There is evidence for furnaces that match the description given by Pryce (see above) at Upper and Lower Merrivale, Avon Dam and Blacksmith's Shop. Each of these sites has two upright granite slabs about 2 to 3 ft apart set into the floor area of the mill, leaving space behind for the bellows. The Merrivale sites also have a slab at the back, making a basic hearth shape. The accompanying photograph shows the two side slabs of the furnace at the Lower Merrivale blowing house, with the somewhat displaced float stone between them. The mouldstone, filled with rainwater, is just above and to the right.

The mouldstone is the best field evidence for a blowing house; they are large blocks of granite with a flat top containing a rectangular hollow recess into which the molten tin was poured to be cast into ingots. The moulds vary in size and shape, the largest known from Dartmoor being that from Upper Merrivale at 280 × 390 mm, and the smallest 180 mm square at Longstone. Some mouldstones have additional smaller hollows on their surface; these are traditionally assumed to be for assaying purposes, but some authors have suggested that they may have been for making small ingots for selling illicitly to avoid tin coinage, the tax on white, or refined tin.

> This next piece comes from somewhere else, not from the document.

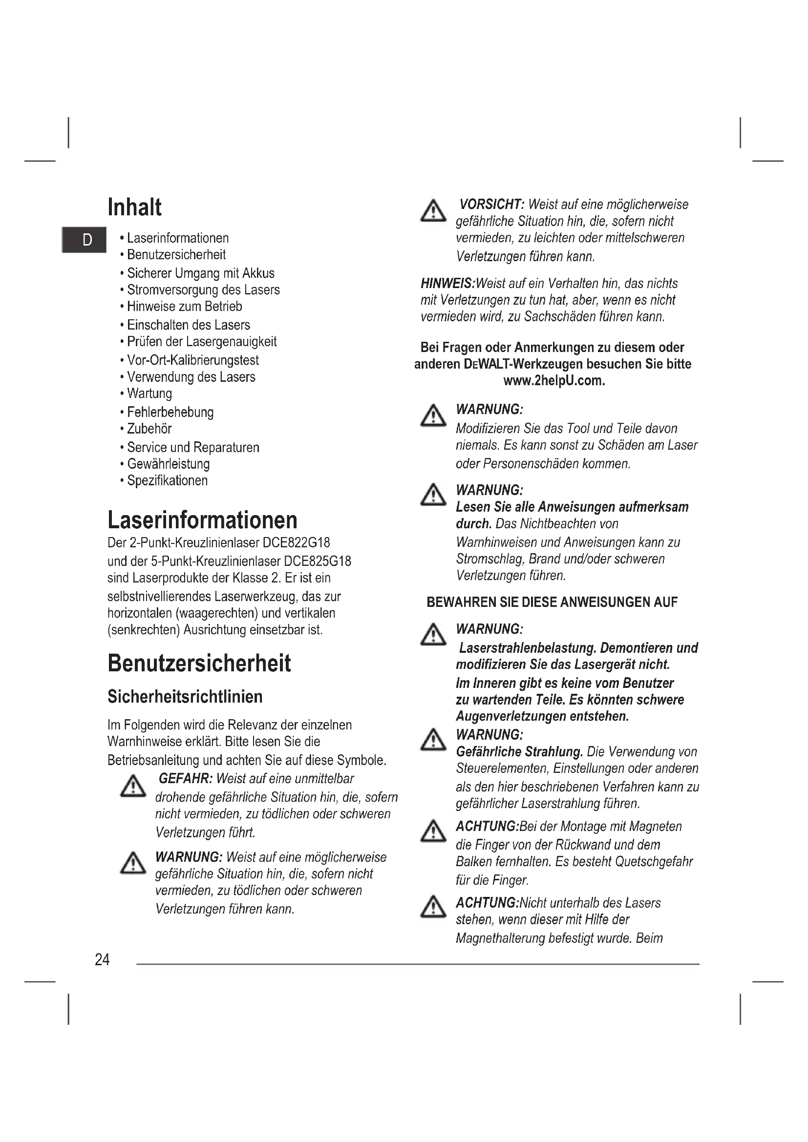 - Spezikationen Laserinformationen Der 2-Punkt-Kreuzlinienlaser DCE822G18 und der 5-Punkt-Kreuzlinienlaser DCE825G18 sind Laserprodukte der Klasse 2. Er ist ein selbstnivellierendes Laserwerkzeug, das zur horizontalen (waagerechten) und vertikalen (senkrechten) Ausrichtung einsetzbar ist. Benutzersicherheit Sicherheitsrichtlinien Im Folgenden wird die Relevanz der einzelnen Warnhinweise erklärt. Bitte lesen Sie die Betriebsanleitung und achten Sie auf diese Symbole. GEFAHR: Weist auf eine unmittelbar drohende gefährliche Situation hin, die, sofern nicht vermieden, zu tödlichen oder schweren Verletzungen führt. WARNUNG: Weist auf eine möglicherweise gefährliche Situation hin, die, sofern nicht vermieden, zu tödlichen oder schweren Verletzungen führen kann. VORSICHT: Weist auf eine möglicherweise gefährliche Situation hin, die, sofern nicht vermieden, zu leichten oder mittelschweren Verletzungen führen kann. HINWEIS: Weist auf ein Verhalten hin, das nichts mit Verletzungen zu tun hat, aber, wenn es nicht vermieden wird, zu Sachschäden führen kann. Bei Fragen oder Anmerkungen zu diesem oder anderen DEWALT-Werkzeugen besuchen Sie bitte www.2helpU.com. WARNUNG: Modizieren Sie das Tool und Teile davon niemals. Es kann sonst zu Schäden am Laser oder Personenschäden kommen. WARNUNG: Lesen Sie alle Anweisungen aufmerksam durch. Das Nichtbeachten von Warnhinweisen und Anweisungen kann zu Stromschlag, Brand und/oder schweren Verletzungen führen.

The only properly documented find of a tin ingot from Dartmoor has a diagonal hole through it which matches the supposed practice of placing a stick in the mould when pouring in the molten tin. The stick would burn away leaving the hole which would be used to lever out the solid ingot from the mould and would later be useful to tie up the ingots for carriage. According to Worth, the found ingot fitted precisely into one of the moulds found at the lower blowing house on the River Yealm, although it did not fill it and weighed only 52 lb, far less than the average Dartmoor ingot weight of 195 lb. He speculated that it was the small surplus that remained after the normal ingots had been cast. Cornish ingots were much larger, averaging around 345 lb.

One of the best preserved blowing houses on Dartmoor is above Merrivale Bridge on the River Walkham. It has a mould stone close to its entrance and the wheel-pit can be easily traced. Some blowing houses also housed crushing ("knacking") or grinding ("crazing") mills, and at Gobbet Mine on the River Swincombe both the upper and lower grinding stones were found.